• [YOUR OBJECTIVE]: Below is a listing to write out in full, exactly as given, without its pictures.

• [MATERIALS PROVIDED]:
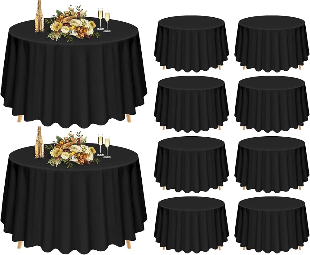 Pesonlook 10Pack Black Round Tablecloth120 Inch Premium Washable Polyester Resistant Round Table Cover for Wedding Party Dining Banquet Buffet Table Holiday Dinner Tables Decorate
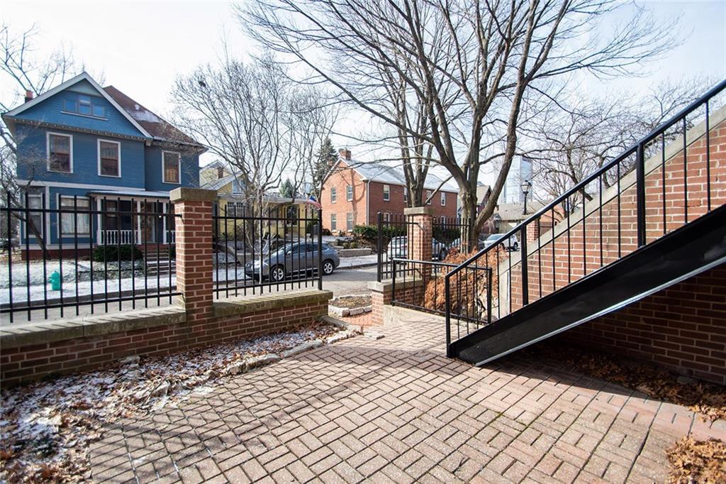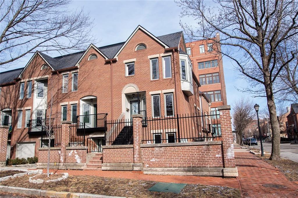Corner Lockerbie Glove Townhome! East and south light floods this space! Vermont Streetscape views plus morning sun! Doesn't get any better! Entrance on Vermont and garage faces Park Ave. Brick patio with a bonus sideyard!! Owner has cared for with TLC! Historically this was originally two units he joined but owner has decided to downsize! Original "Stanton" floor plan with windows on two sides! Master bedroom features a lovely bay window with east sunlight! Make this your downtown dream home and you won't be disappointed! Walk to Cultural events, Mass Ave. and several restaurants! Garage has brick wall, showroom finish to floor and extra width so can you say "wine storage?" Owner is in process of adding needed walls to separate openings!
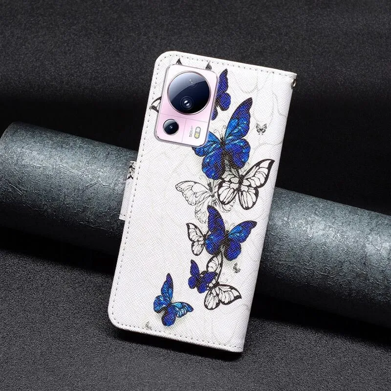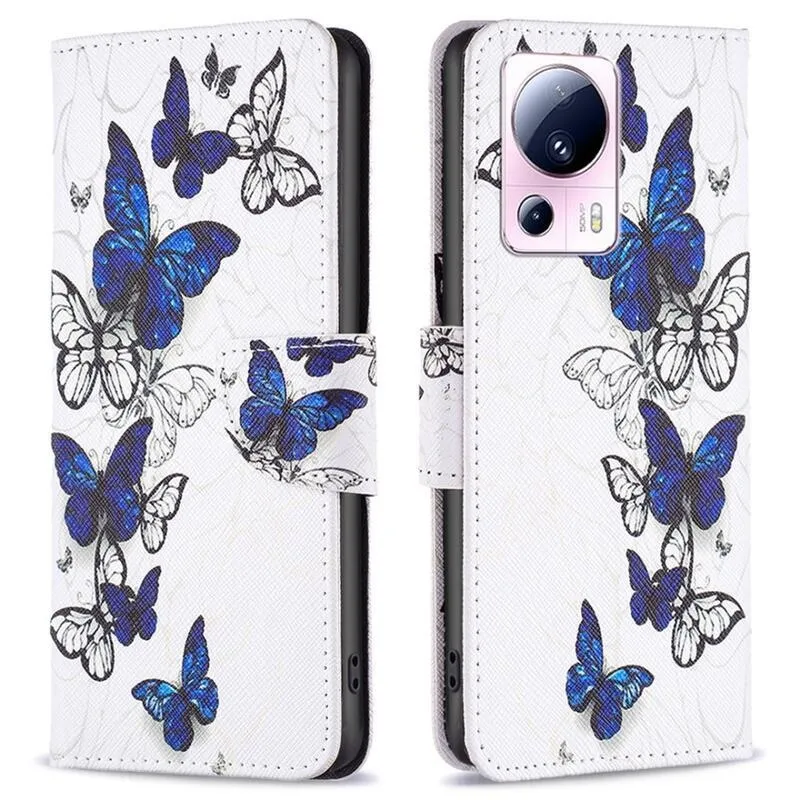 Patte könyv tok Xiaomi 13 Lite-hoz - kék és fehér pillangók
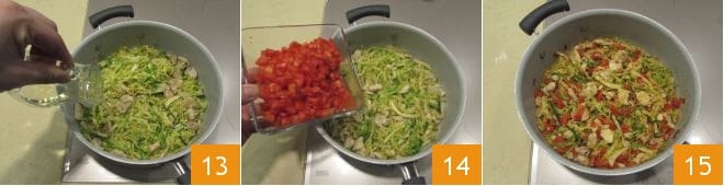e regue com o vinho branco 13, deixando-o evaporar completamente. Por último, adicione os tomates em cubos 14, ajuste o sal e a pimenta e cozinhe por 5-6 minutos, mexendo de vez em quando, depois desligue o fogo 15.
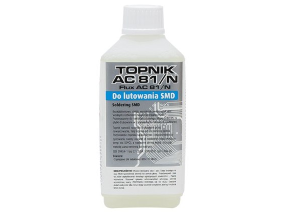 Bezkalafoniowy, ciekły, wysokoaktywny topnik typu 2.1.2/3 A jest wodnym roztworem związkw organicznych. Przeznaczony do nakładania ciekłego stopu Sn60/Pb na płytki drukowane w cynowarkach rolkowych (rolltinner).
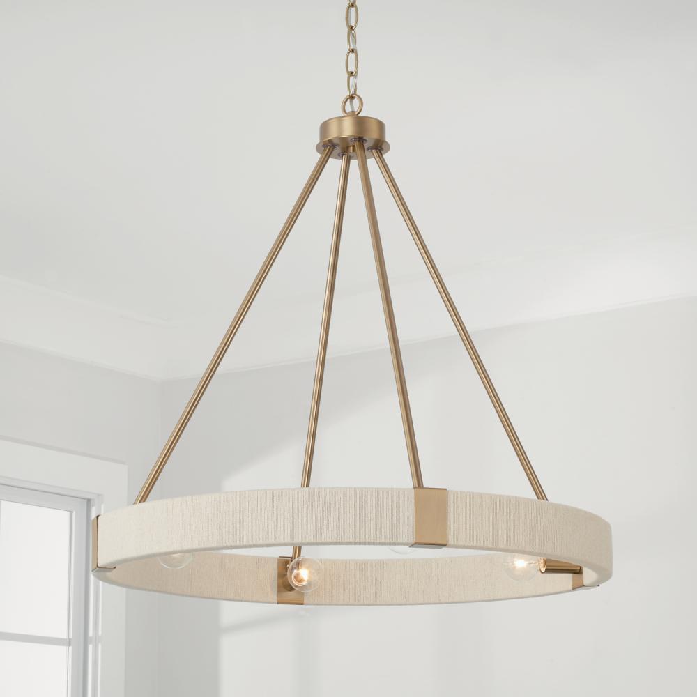 DIMENSIONS: Overall: 26"W x 25.5"H; Adjustable Hanging Height: 29" - 151.5"; Includes 120" Chain; 180" Wire.
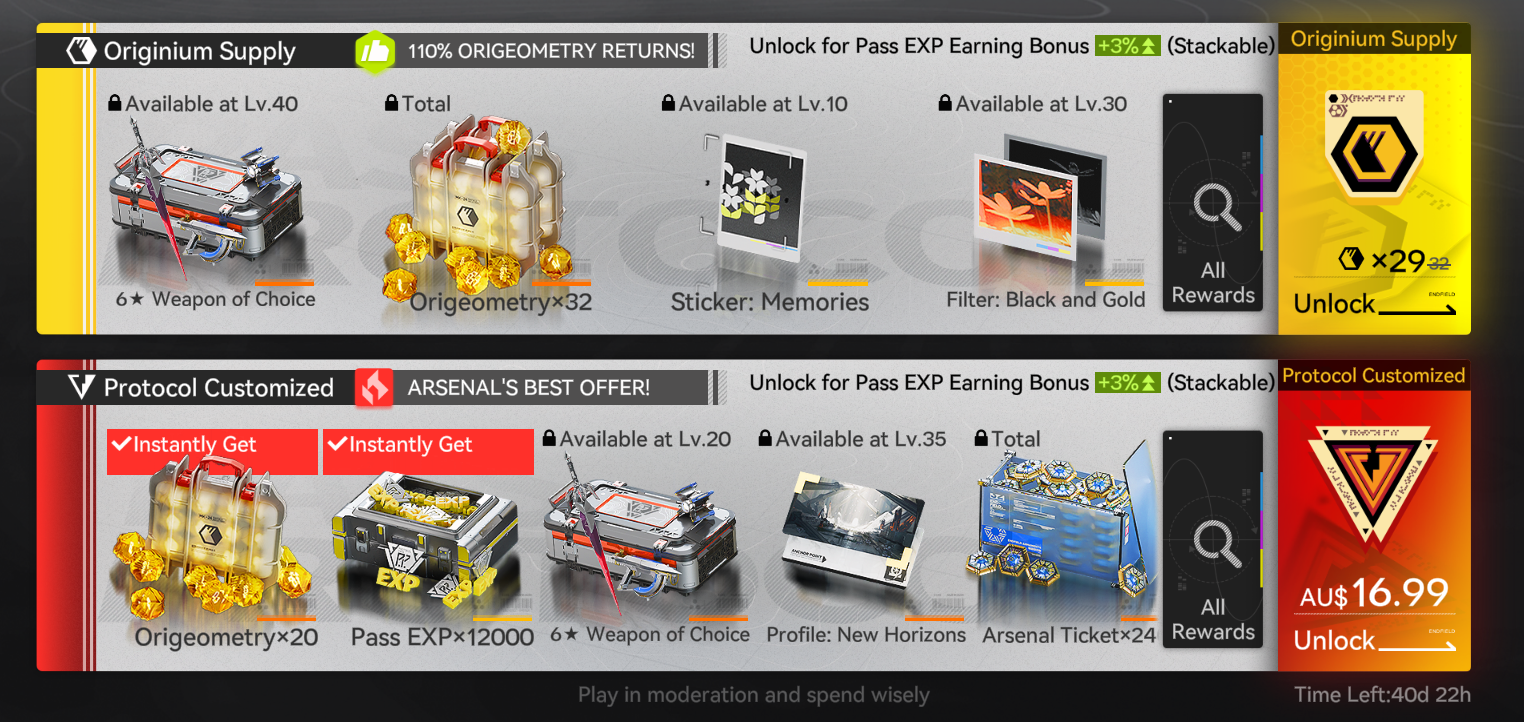 BEST For Value, as we get 32 Origeometry back after reaching BP level 60, also tons of free loots
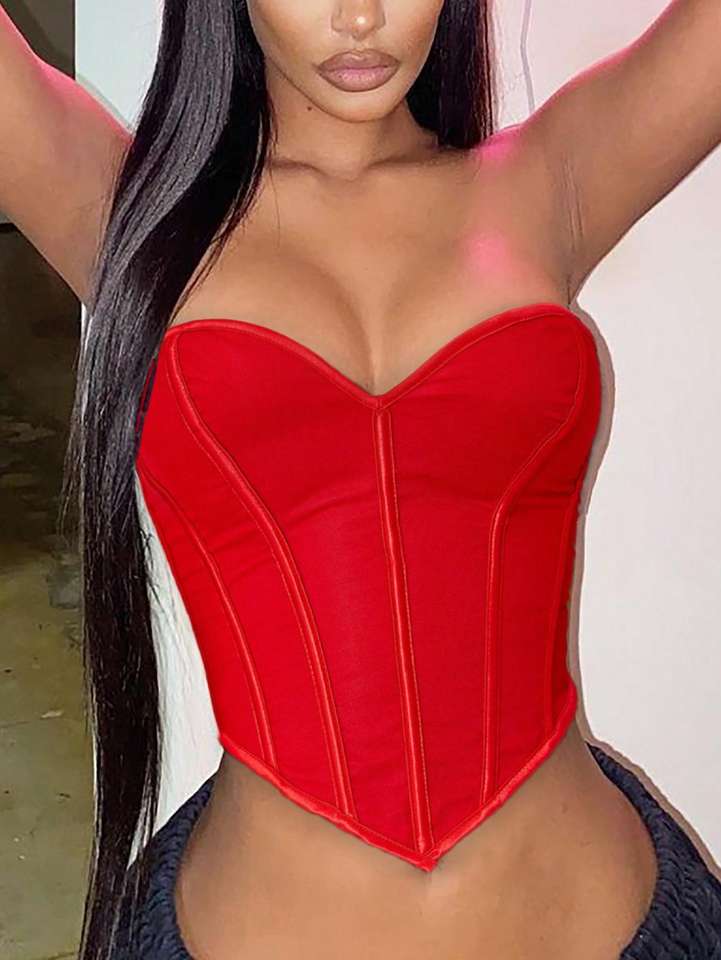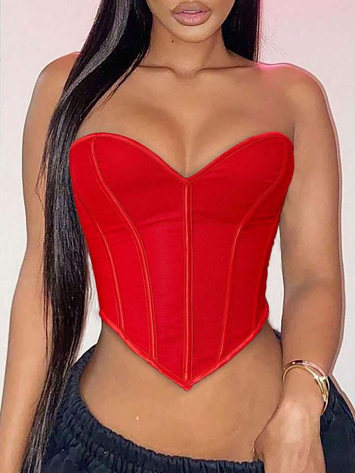 Red Heart Neckline Strapless Corset Shapewear Top for Women, Outerwear Sexy Hot Girl Tight Waist Cincher Top
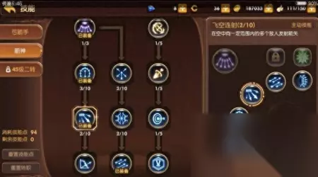 3、很重要的BUFF技能,加30%攻击和速度,这个神技恰恰弥补了箭神腿短的劣势。举个栗子,龙二里面boss开火车都很头疼吧,箭神又爱拉仇恨,预判boss开火车前,放个buff,跑直线让他追,轻松加愉快。 主动技能(刷图): 追踪箭,远程高输出,不用瞄准 聚能射击,远程高输出 箭雨风暴,远程多段持续高输出 追风箭,多段中距离输出 多段射击,远程多段高输出 另外,飞空连射输出也不错。 如图,因等级不够,所以现在佩戴的是追踪箭、聚能射击、飞空连射、追风箭、多段射击

• [PROBLEM SOLUTION]:
 Pesonlook 10Pack Black Round Tablecloth120 Inch Premium Washable Polyester Resistant Round Table Cover for Wedding Party Dining Banquet Buffet Table Holiday Dinner Tables Decorate
Corner Lockerbie Glove Townhome! East and south light floods this space! Vermont Streetscape views plus morning sun! Doesn't get any better! Entrance on Vermont and garage faces Park Ave. Brick patio with a bonus sideyard!! Owner has cared for with TLC! Historically this was originally two units he joined but owner has decided to downsize! Original "Stanton" floor plan with windows on two sides! Master bedroom features a lovely bay window with east sunlight! Make this your downtown dream home and you won't be disappointed! Walk to Cultural events, Mass Ave. and several restaurants! Garage has brick wall, showroom finish to floor and extra width so can you say "wine storage?" Owner is in process of adding needed walls to separate openings!
 Patte könyv tok Xiaomi 13 Lite-hoz - kék és fehér pillangók
e regue com o vinho branco 13, deixando-o evaporar completamente. Por último, adicione os tomates em cubos 14, ajuste o sal e a pimenta e cozinhe por 5-6 minutos, mexendo de vez em quando, depois desligue o fogo 15.
 Bezkalafoniowy, ciekły, wysokoaktywny topnik typu 2.1.2/3 A jest wodnym roztworem związkw organicznych. Przeznaczony do nakładania ciekłego stopu Sn60/Pb na płytki drukowane w cynowarkach rolkowych (rolltinner).
 DIMENSIONS: Overall: 26"W x 25.5"H; Adjustable Hanging Height: 29" - 151.5"; Includes 120" Chain; 180" Wire.
 BEST For Value, as we get 32 Origeometry back after reaching BP level 60, also tons of free loots
 Red Heart Neckline Strapless Corset Shapewear Top for Women, Outerwear Sexy Hot Girl Tight Waist Cincher Top
 3、很重要的BUFF技能,加30%攻击和速度,这个神技恰恰弥补了箭神腿短的劣势。举个栗子,龙二里面boss开火车都很头疼吧,箭神又爱拉仇恨,预判boss开火车前,放个buff,跑直线让他追,轻松加愉快。 主动技能(刷图): 追踪箭,远程高输出,不用瞄准 聚能射击,远程高输出 箭雨风暴,远程多段持续高输出 追风箭,多段中距离输出 多段射击,远程多段高输出 另外,飞空连射输出也不错。 如图,因等级不够,所以现在佩戴的是追踪箭、聚能射击、飞空连射、追风箭、多段射击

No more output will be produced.